I think it’s rare, on any subject, even on places like Straight Dope, to have someone admit to having changed their minds on an overall subject (as opposed to a detail of fact) in the middle of a message board thread.

I don’t think this means that people never change their minds. I think it means that the changing of minds tends to be a gradual process; and that when it does happen it often doesn’t result in public admissions of having been wrong, let alone to hunting up old threads or bringing up old conversations in order to do so in all the venues that helped to cause that gradual change. Once in a while you do see/hear people say ‘Yes I used to think x, but I decided I was wrong about that’ but very often the people themselves have no one specific discussion, no ‘click’ moment, which they think caused the change; it was a gradual accumulation of information over time.

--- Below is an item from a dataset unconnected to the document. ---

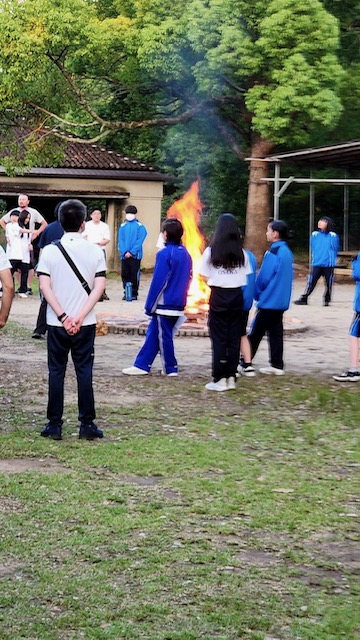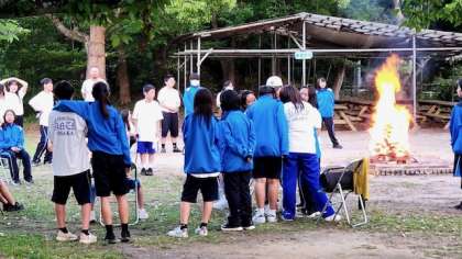 夕食をいただき、これからキャンプファイアーです。みんなで協力して盛り上げます。

I also suspect that people who realize they don’t have their minds made up are far less likely to post in threads such as these; but may nevertheless still be reading them.

Maybe those are “where TM breeds” but then “TM” is a very narrow concept, not one that is as broad and pervasive as the concept described in the op, and is one that very few men and women will see as something that they are part of or even that impacts them.

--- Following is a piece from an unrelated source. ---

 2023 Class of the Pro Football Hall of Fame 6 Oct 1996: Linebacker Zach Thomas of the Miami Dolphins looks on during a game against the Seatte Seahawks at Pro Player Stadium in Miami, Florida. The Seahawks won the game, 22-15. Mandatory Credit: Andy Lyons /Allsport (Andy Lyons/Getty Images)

OTOH, I as a man, one who would reject with a laugh a self-descriptor of “toxic masculinity” (wimpy nerdy me?) and reject any identification with “frat boy culture”, and who sees neither in most of the men I know, can acknowledge that stereotyped ideals and expectations, and gender-related learned behavior patterns, exist in myself, in those around me of both genders (and even in those who are fluid), and in the systems that I am part of. I can be open to discussion that even though my personal experience of those traits and learned patterns has served me well (valuing “grit and determination” is what I credit for my part of whatever successes I have had … the rest being luck, inclusive of having benefited from being born male into a white middle class family in a good school system with parents who pushed education and intellectual accomplishments and enabled it) they can also be harmful, and that they are commonly encouraged differently in boys and girls with different impacts. Were between me and my sisters for that matter.

The number of men and women who will be open to self-reflection and and some awareness of potential harms by labelling it as a thing they reject out of hand as applying to them is not surprisingly a fairly small number.